Assume that you have an HMM where the hidden states are \(s={s_1, s_2, s_3}\), and the possible values of the observed variable \(c={c_1,c_2,c_3,c_4,c_5,c_6,c_7}\). Given the observed sequence \(\mathbf{y}=[c_1,c_3,c_4,c_6]\), the Viterbi algorithm will tries to estimate the most likely transitions \(\mathbf{z}=[z_1,z_2,z_3,z_4], z_i\in c\), and store the path of the best possible sequence at every step.

Define \[\delta_t(j) = \underset{z_1,..,z_{t-1}}{max}{p(\mathbf{z}_{1:t-1}, z_t=j \vert y_{1:t})}\]

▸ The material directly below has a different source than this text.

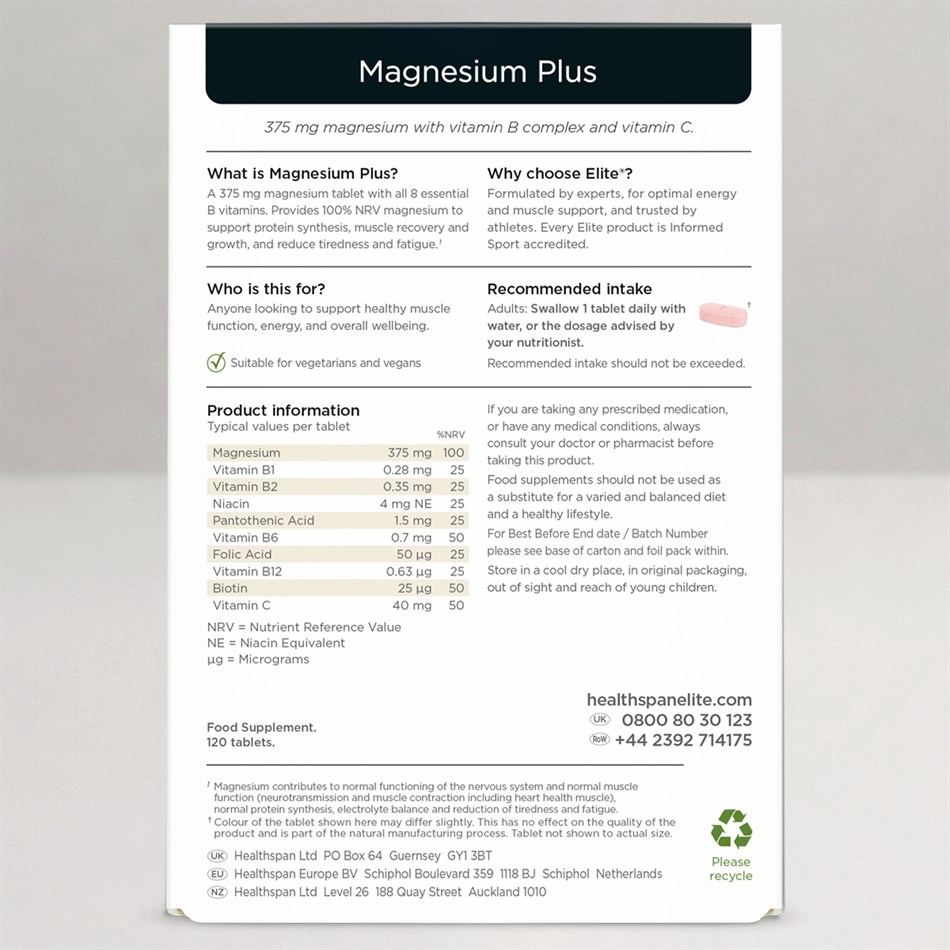 Magnesium plays a number of important roles within the body and is also crucial for protein synthesis which is vital for the growth of muscles. Each Magnesium Plus tablet delivers 375mg of magnesium as well as the entire family of B vitamins and at only 10p per day offers exceptional value for money.

This is the probability of ending up in state j at time t, given that we take the most probable path. The key insight is that the most probable path to state j at time t must consist of the most probable path to some other state \(i\) at time \(t − 1\), followed by a transition from \(i\) to \(j\). Hence \[\delta_t(j) = \underset{i}{max}\ \delta_t(i) p(s_j \vert s_i) p(y_t \vert s_j)\]

We also keep track of the most likely previous state, for each possible state that we end up in: \[a_t(j) = \underset{i}{argmax}\ \delta_t(i) p(s_j \vert s_i) p(y_t \vert s_j)\]

That is, \(a_t(j)\) tells us the most likely previous state on the most probable path to \(z_t = s_j\). We initialize by setting \[\delta_1(j) = \pi_j p(y_1 \vert z_j)\]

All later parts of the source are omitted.